Task to complete
Pictures are to be left out. Return exactly the lines below from the one with "V20 vacuum allows" up to and including the one with "Doble círculo con".
START Task input
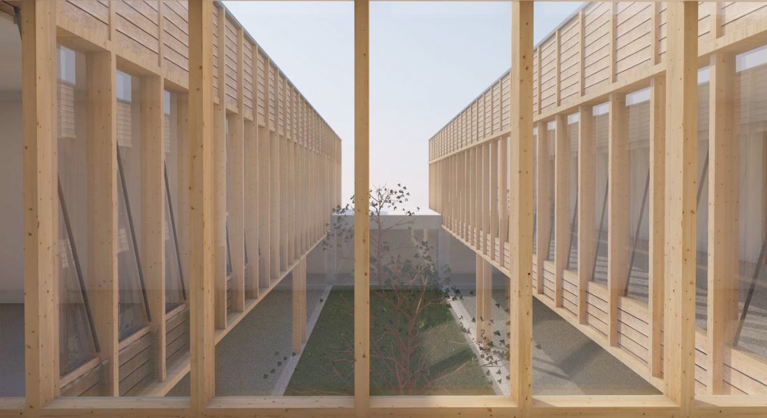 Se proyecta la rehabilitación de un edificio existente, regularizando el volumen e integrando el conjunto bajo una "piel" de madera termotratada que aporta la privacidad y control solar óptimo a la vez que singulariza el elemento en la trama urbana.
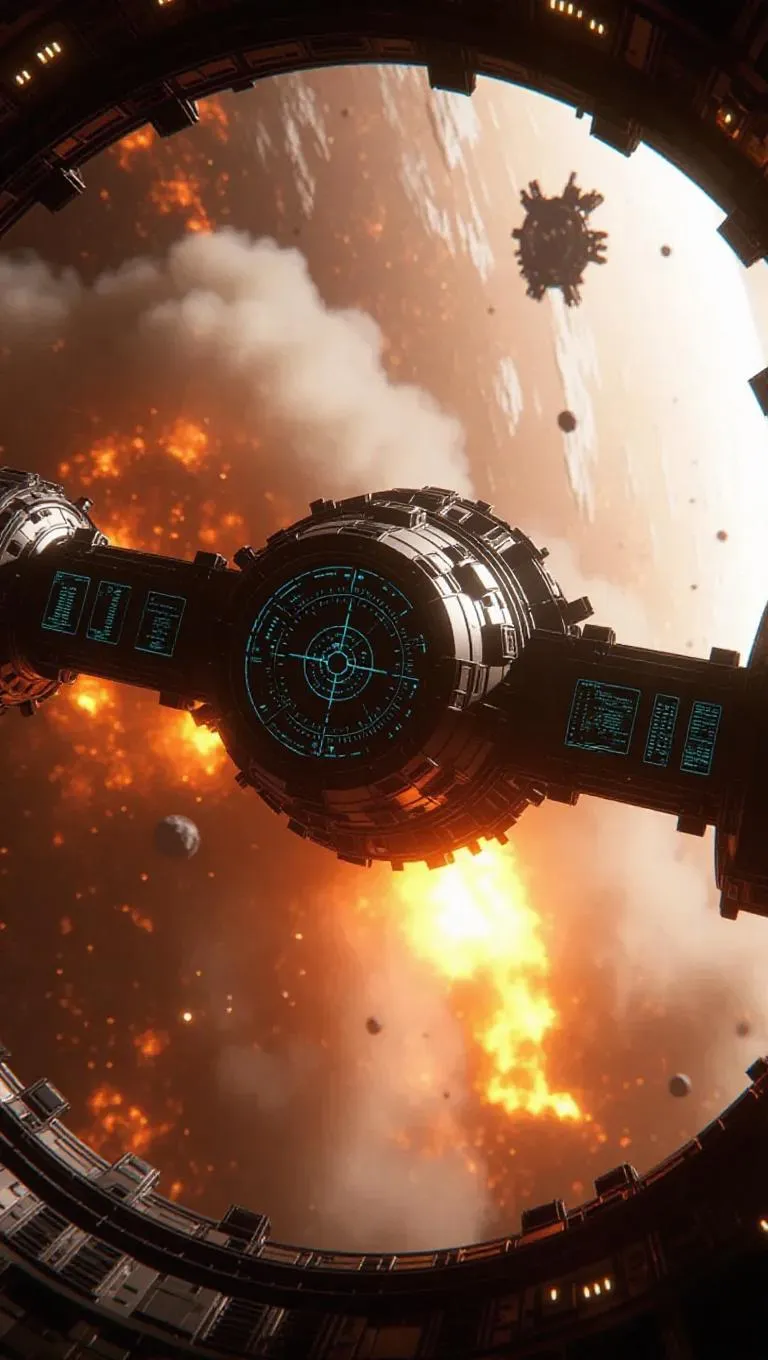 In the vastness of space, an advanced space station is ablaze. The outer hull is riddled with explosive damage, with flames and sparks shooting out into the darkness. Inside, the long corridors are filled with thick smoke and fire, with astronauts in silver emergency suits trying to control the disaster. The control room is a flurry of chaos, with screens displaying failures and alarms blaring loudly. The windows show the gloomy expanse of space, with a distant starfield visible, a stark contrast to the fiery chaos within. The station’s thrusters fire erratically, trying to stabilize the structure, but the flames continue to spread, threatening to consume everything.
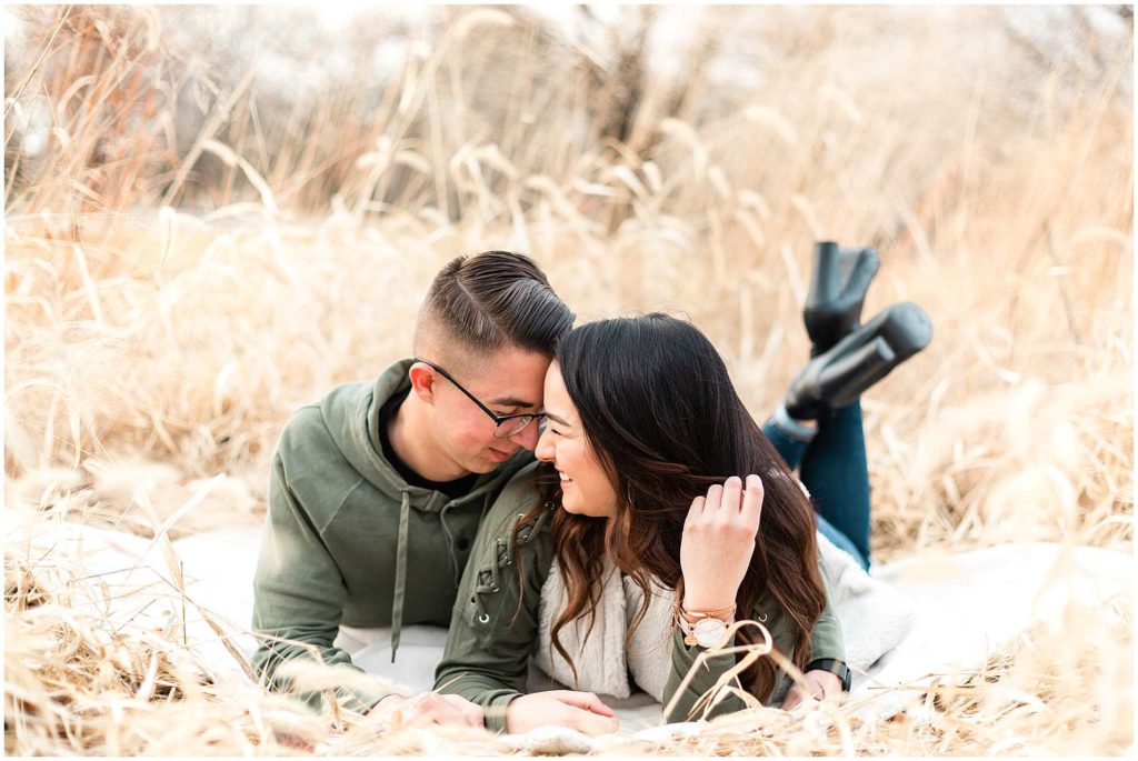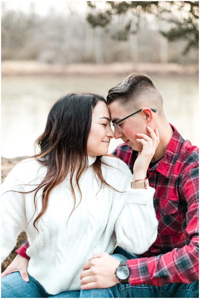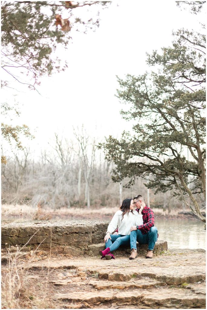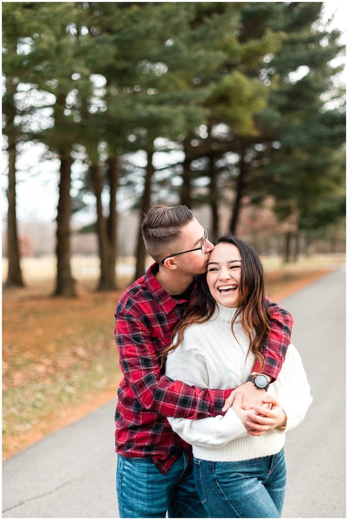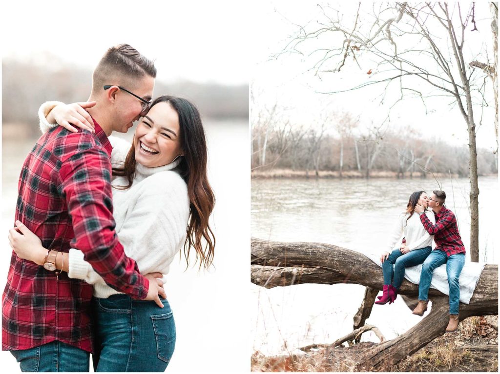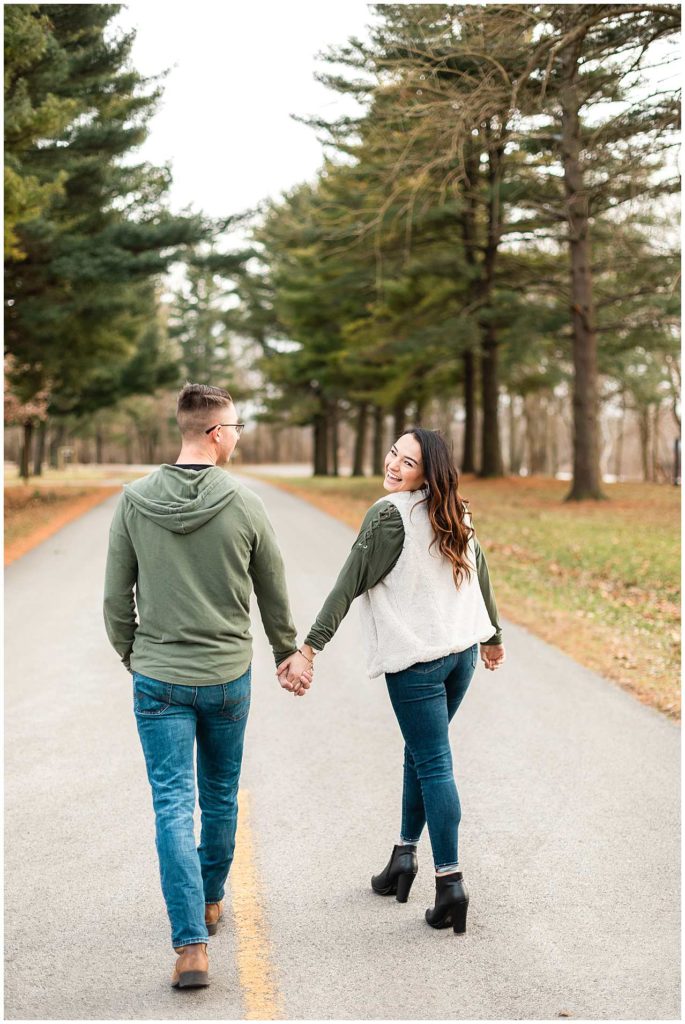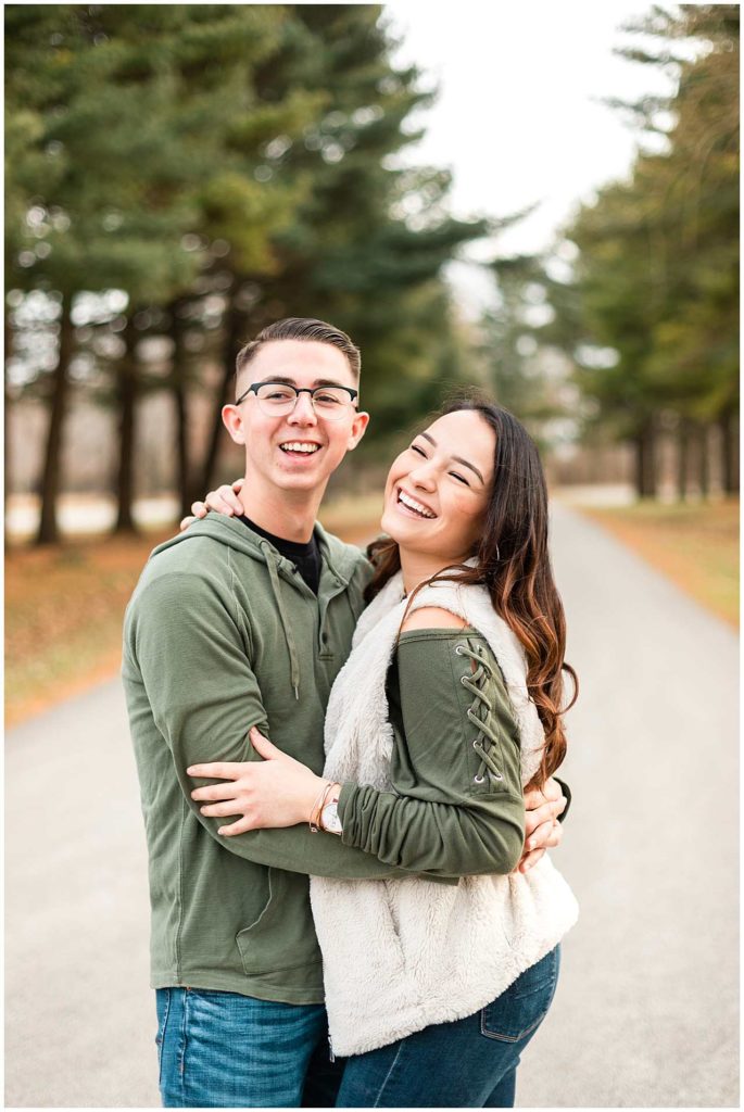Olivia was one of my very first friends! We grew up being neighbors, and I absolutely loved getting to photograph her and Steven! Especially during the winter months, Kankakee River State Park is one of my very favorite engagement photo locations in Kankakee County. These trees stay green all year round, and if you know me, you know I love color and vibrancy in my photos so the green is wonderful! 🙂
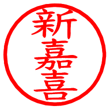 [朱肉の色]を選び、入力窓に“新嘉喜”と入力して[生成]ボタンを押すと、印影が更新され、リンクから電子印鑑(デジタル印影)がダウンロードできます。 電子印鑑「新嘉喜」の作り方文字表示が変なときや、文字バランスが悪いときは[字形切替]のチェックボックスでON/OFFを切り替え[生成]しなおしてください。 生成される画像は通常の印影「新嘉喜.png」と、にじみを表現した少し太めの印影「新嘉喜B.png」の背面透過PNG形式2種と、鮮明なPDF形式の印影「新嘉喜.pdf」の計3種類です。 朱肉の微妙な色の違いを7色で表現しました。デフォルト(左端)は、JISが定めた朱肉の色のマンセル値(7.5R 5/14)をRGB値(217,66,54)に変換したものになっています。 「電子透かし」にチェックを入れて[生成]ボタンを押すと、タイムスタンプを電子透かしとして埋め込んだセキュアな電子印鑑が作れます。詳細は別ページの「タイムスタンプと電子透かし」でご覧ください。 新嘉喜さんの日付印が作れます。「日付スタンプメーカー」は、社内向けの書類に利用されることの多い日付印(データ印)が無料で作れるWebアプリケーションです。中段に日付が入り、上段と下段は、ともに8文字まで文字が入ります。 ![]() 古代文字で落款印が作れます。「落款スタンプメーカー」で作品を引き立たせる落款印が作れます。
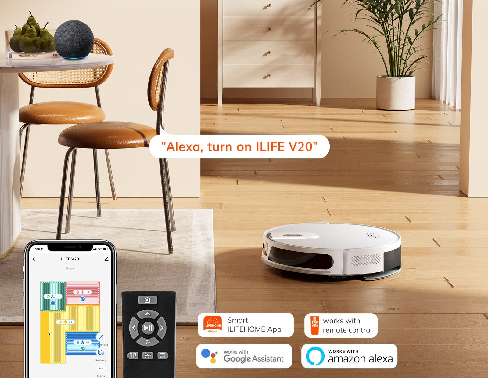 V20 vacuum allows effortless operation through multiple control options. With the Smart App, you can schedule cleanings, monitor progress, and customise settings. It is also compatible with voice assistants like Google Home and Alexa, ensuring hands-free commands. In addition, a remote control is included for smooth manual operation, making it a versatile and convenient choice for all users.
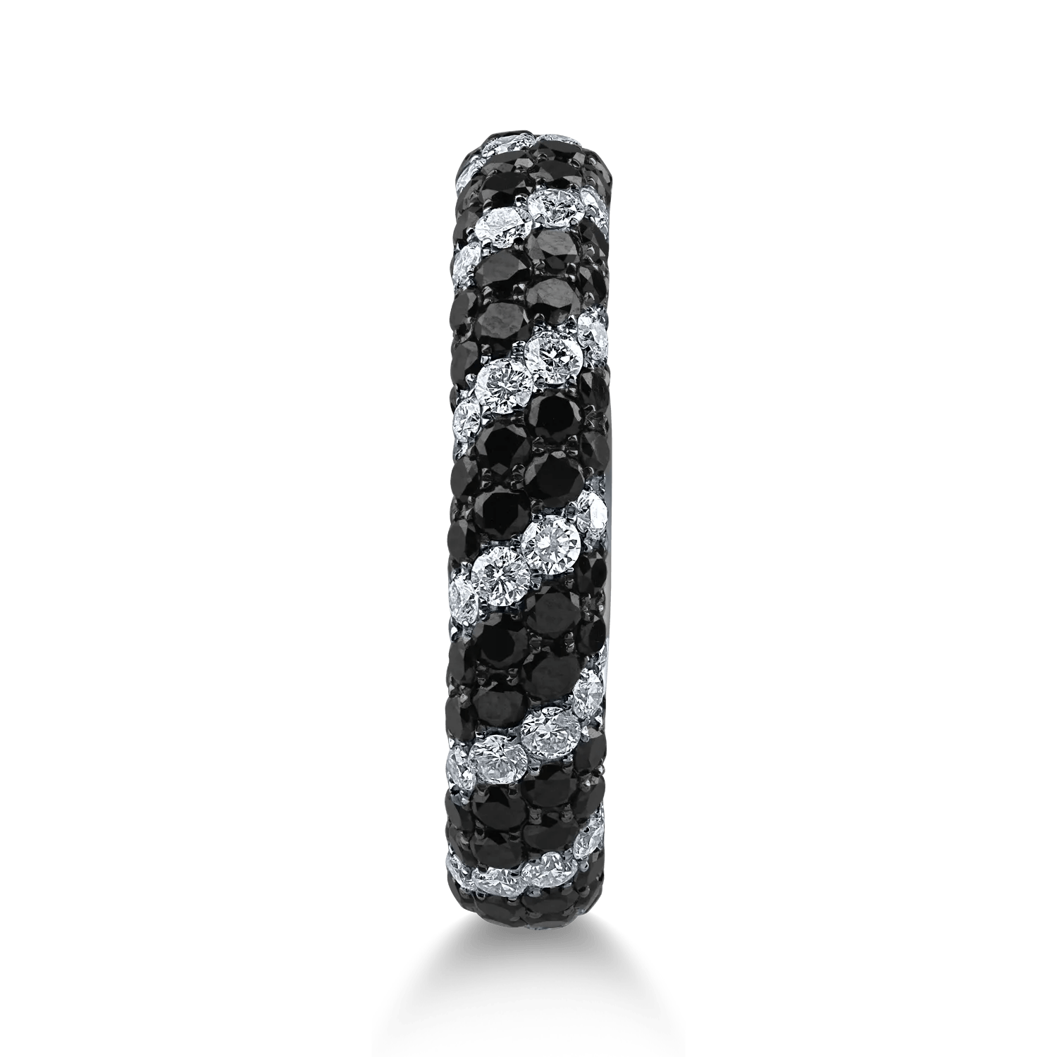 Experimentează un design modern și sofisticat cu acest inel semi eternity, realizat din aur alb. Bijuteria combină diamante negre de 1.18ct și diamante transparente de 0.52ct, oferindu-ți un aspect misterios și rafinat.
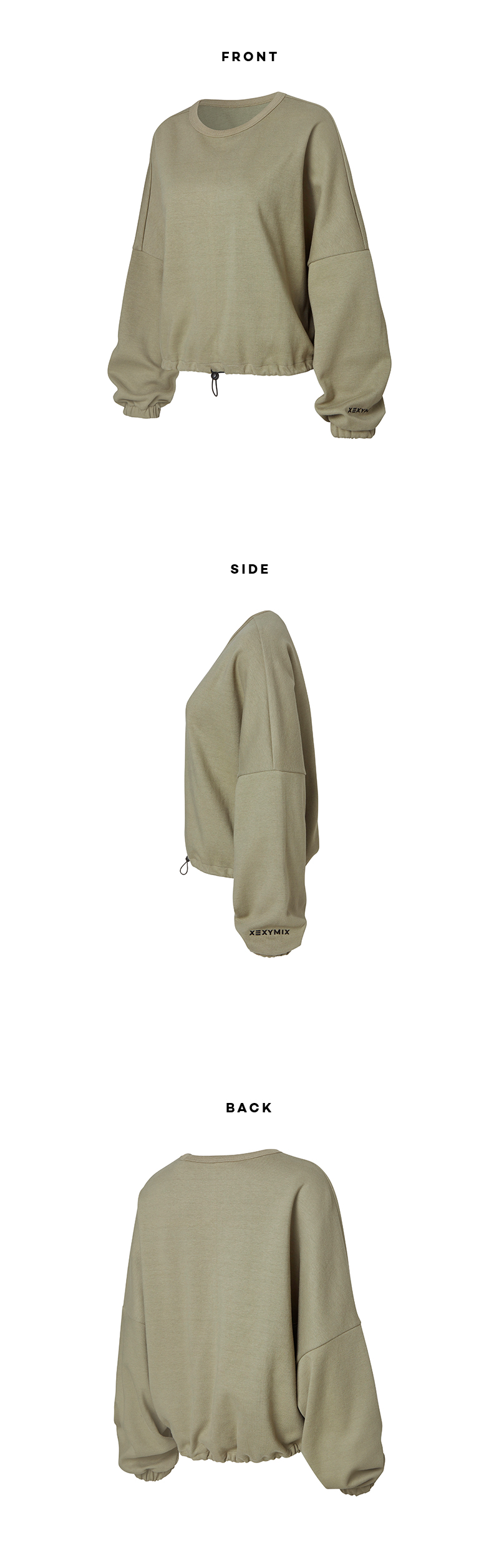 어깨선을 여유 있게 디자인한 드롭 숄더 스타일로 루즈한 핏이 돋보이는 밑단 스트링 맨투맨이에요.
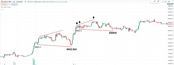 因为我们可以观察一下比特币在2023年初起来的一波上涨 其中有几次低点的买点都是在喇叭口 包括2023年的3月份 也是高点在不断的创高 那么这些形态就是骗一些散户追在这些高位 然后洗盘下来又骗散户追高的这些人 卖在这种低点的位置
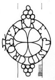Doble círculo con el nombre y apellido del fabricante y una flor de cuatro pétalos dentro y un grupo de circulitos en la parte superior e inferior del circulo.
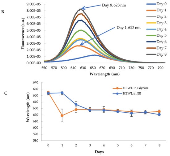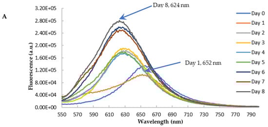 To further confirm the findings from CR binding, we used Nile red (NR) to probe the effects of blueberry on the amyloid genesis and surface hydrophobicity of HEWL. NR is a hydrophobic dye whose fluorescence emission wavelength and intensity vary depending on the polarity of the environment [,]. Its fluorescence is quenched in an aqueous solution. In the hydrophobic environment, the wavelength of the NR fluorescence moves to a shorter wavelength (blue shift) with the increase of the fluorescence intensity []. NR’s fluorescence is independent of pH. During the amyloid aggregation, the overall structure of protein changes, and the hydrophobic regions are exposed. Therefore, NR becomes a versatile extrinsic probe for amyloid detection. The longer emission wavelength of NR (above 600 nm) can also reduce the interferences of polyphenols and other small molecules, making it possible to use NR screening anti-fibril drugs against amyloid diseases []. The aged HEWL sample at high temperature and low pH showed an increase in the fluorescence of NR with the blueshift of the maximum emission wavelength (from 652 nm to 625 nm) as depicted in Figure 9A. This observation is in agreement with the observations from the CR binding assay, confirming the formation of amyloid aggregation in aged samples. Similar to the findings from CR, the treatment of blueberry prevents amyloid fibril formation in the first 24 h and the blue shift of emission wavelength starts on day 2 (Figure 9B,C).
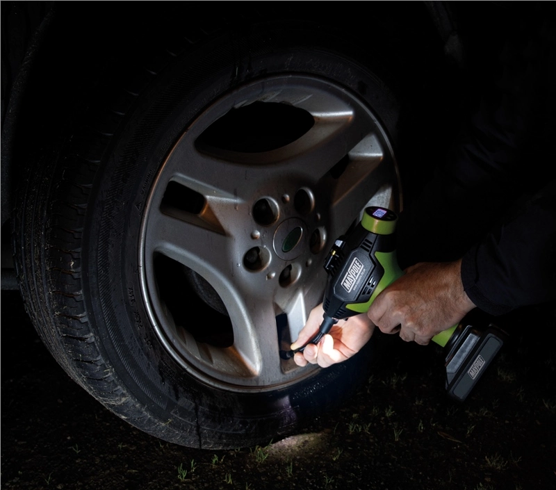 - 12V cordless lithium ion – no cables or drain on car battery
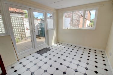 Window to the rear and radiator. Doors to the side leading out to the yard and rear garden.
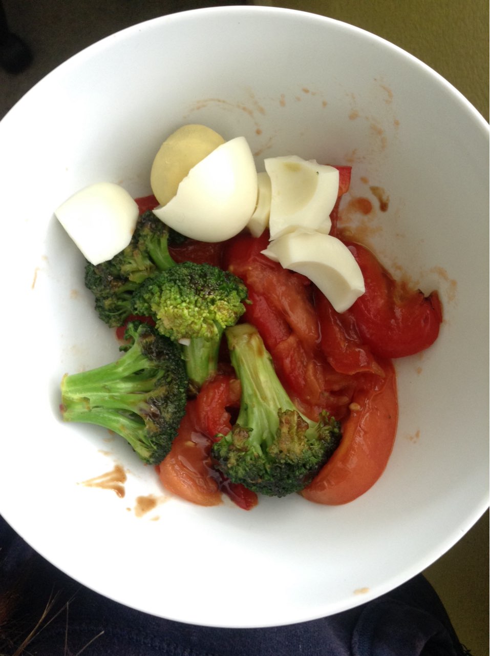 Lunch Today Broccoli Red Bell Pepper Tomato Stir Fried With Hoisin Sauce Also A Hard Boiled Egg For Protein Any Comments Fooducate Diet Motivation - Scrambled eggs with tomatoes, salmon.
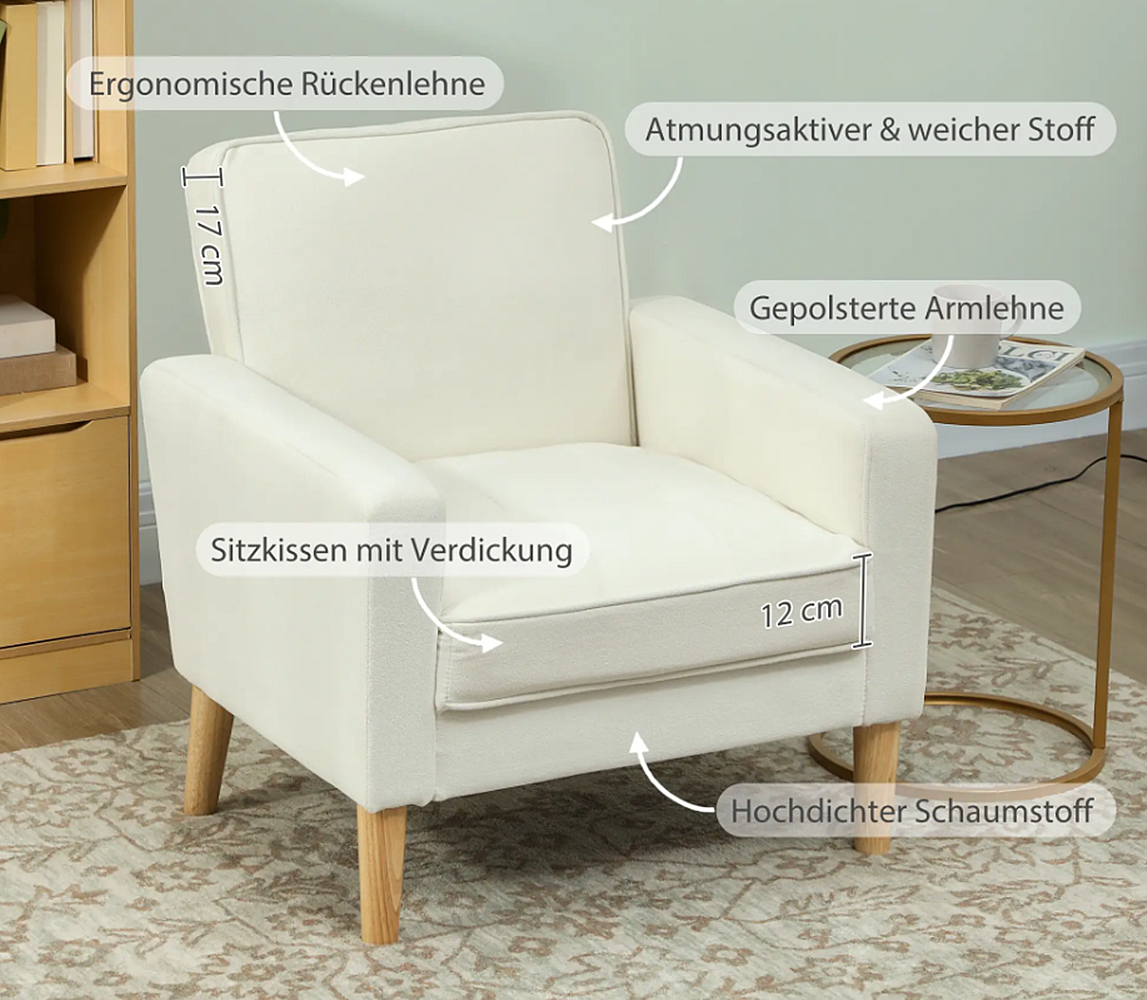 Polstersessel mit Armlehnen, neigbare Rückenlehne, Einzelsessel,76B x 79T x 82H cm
END Task input
Result below
 V20 vacuum allows effortless operation through multiple control options. With the Smart App, you can schedule cleanings, monitor progress, and customise settings. It is also compatible with voice assistants like Google Home and Alexa, ensuring hands-free commands. In addition, a remote control is included for smooth manual operation, making it a versatile and convenient choice for all users.
 Experimentează un design modern și sofisticat cu acest inel semi eternity, realizat din aur alb. Bijuteria combină diamante negre de 1.18ct și diamante transparente de 0.52ct, oferindu-ți un aspect misterios și rafinat.
 어깨선을 여유 있게 디자인한 드롭 숄더 스타일로 루즈한 핏이 돋보이는 밑단 스트링 맨투맨이에요.
 因为我们可以观察一下比特币在2023年初起来的一波上涨 其中有几次低点的买点都是在喇叭口 包括2023年的3月份 也是高点在不断的创高 那么这些形态就是骗一些散户追在这些高位 然后洗盘下来又骗散户追高的这些人 卖在这种低点的位置
Doble círculo con el nombre y apellido del fabricante y una flor de cuatro pétalos dentro y un grupo de circulitos en la parte superior e inferior del circulo.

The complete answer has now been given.